Neste texto, apenas se abordam as medidas do BdeM relacionadas com o COVID-19. Destacam-se as mais importantes: primeiro, o Banco de Moçambique sabe bem que a redução das taxas de referência, ao nível em que estão, traduzem-se de forma insignificante em mudanças no comportamento das empresas e das famílias, relativamente às decisões de poupança, investimento e solicitação de crédito. Os bancos comerciais, em consequência dos sinais do mercado e por imposições do BdeM, reagiram pouco à descida das taxas de referência e incorporam na formação do preço do dinheiro, os altos custos de incerteza provocados pela volatilidade das taxas de câmbio e de juros e devido a imparidades de crédito.
O tecido económico, em momento de grandes riscos e incertezas, não é incentivado por reduções mínimas das taxas de juro, quando estas se mantêm muito elevadas. Mais, não é compreensível manter as taxas de juro (Prime Lending do Sistema Financeiro – PLRSF) ao nível em que estão, quando a inflação está baixa (diferenças de cerca de 10% ou mais, entre as taxas de referência e a inflação), que os bancos comerciais agradecem e somam lucros, muitas vezes, acima dos alcançados em momentos de não crise ou de crise de menores proporções.
Os bancos não reagem a essas decisões do Banco de Moçambique por quatro razões principais: (1) preferem, se necessário, ficar com liquidez alta, considerando os actuais riscos do contexto económico; (2) a relativa escassez de oferta monetária e as reservas obrigatórias dos bancos comerciais junto do BdeM (não remuneradas), esgotam-se com a procura de dinheiro dos sectores de actividade de maior lucratividade e de períodos curtos de retorno do capital; (3) adquirem bilhetes de tesouro que, embora com taxas de juro mais baixas, constituem um negócio de risco muito baixo; e, (4) os agentes económicos desses sectores transferem o custo do dinheiro para os consumidores, num mercado pleno de distorções.

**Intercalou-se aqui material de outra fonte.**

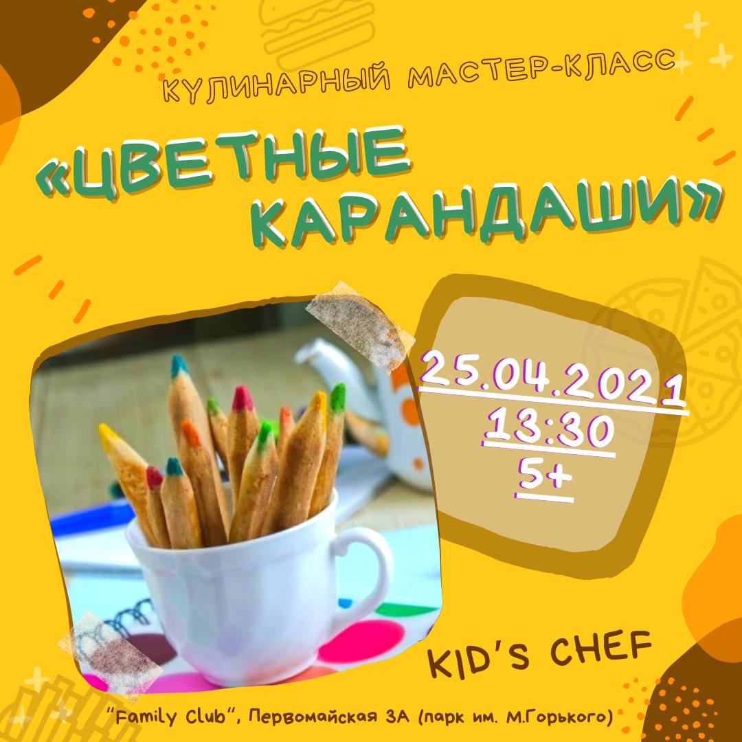 В это воскресенье приглашают ребят приготовить цветные карандаши, которые можно легко скушать. Приготовление блюда происходит с 0 до готового варианта. Каждый участник мастер-класса сделает полноценный набор из ярких карандашей, которые заберёт с собой.
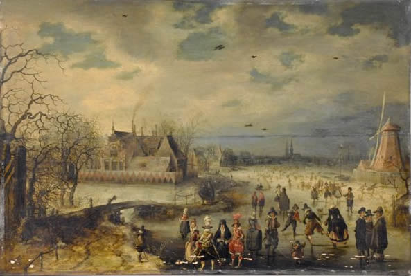 Il s'inscrit dans une tradition de peintures de paysages d'hiver réalistes initiés, en Flandres, par Pieter Brueghel le Vieux et suivi par son fils Jan Brueghel de Velours. Les peintres de Middelburg, tels que Adriaen van de Venne ou Christoffel van den Berghe, ont permis la diffusion de ce type de paysages. Ils ont ouvert une voie qu'exploiteront, comme un genre indépendant, des artistes hollandais tels que Hendrick Avercamp, Anthonie Verstraelen ou bien Adam van Breen, tous trois peintres à Amsterdam. L'influence des paysages flamands s'est également transmise par l'intermédiaire de la gravure et notamment l'ouvrage de Hieronymous Cock en 1559 : Nombreux et très jolies scènes de villages divers, fermes, champs, rues… des environs d'Anvers. Claes Jansz Visscher en a réutilisé 23 gravures dans son ouvrage publié en 1612 à Amsterdam.
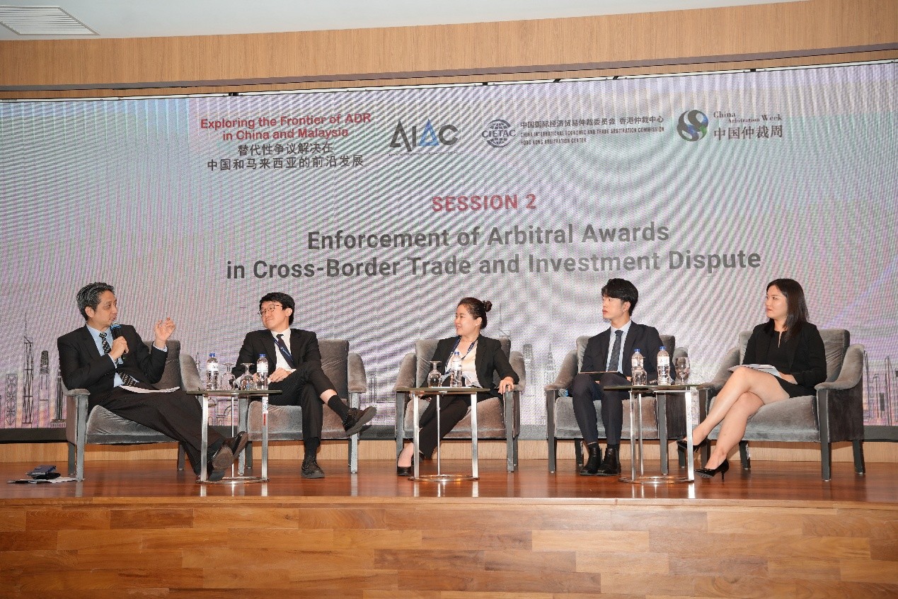 研讨会第二个环节以“跨境贸易和投资争端中的仲裁裁决执行”为主题,由亚洲国际仲裁中心助理主任余晶华女士主持。Tay & Partners律师事务所合伙人杨顺明先生(Leonard Yeoh)、贸仲香港仲裁中心法律顾问区锦涛、毅嘉大律师事务所苏颖先生、金诚同达(深圳)律师事务所顾问张晓宇女士分别就“中国和马来西亚仲裁裁决执行的法律框架(纽约公约及国内仲裁法)”“承认与执行外国仲裁裁决的程序”“中国和马来西亚关于仲裁裁决执行的公共政策例外与司法态度”等话题进行了分享和交流。区锦涛先生重点介绍了粤港澳大湾区仲裁裁决认可和执行制度的发展历史和现状,并结合实际案例,向与会观众分享了贸仲和贸仲香港仲裁中心在案件管理实践中保障裁决可执行性的具体举措和实务经验。

Segundo, supondo-se, optimisticamente, que o BdeM, ao reduzir as reserva obrigatórias dos bancos comerciais pretendia estimular a procura de crédito pelo sector privado (por efeito de uma eventual redução da taxa de juros, devido a uma maior oferta monetária), não considerou que: (1) tanto os bancos como as empresas e famílias, são conservadores em realizar empréstimos, investir e consumir em momento de crise; (2) as medidas de precaução relacionadas com o COVID-19 provocam, necessariamente, uma forte retracção da economia, prevendo-se crescimento negativo para 2020 e, portanto, uma redução do mercado de capitais e de bens e serviços.
Ou, o que o BdeM pretendia realmente, era que houvesse maior liquidez para financiar o Estado através de sucessivas emissões de bilhetes do tesouro. Terceiro, o Banco de Moçambique informou a 22 de Março, da disponibilização de uma linha de crédito de 500 milhões de dólares, por um período de nove meses (até 31 de Dezembro de 2020), tendo depois passado para doze meses, para os bancos comerciais financiarem a importação de bens essenciais relacionados com a crise da pandemia gerada pelo COVID-19.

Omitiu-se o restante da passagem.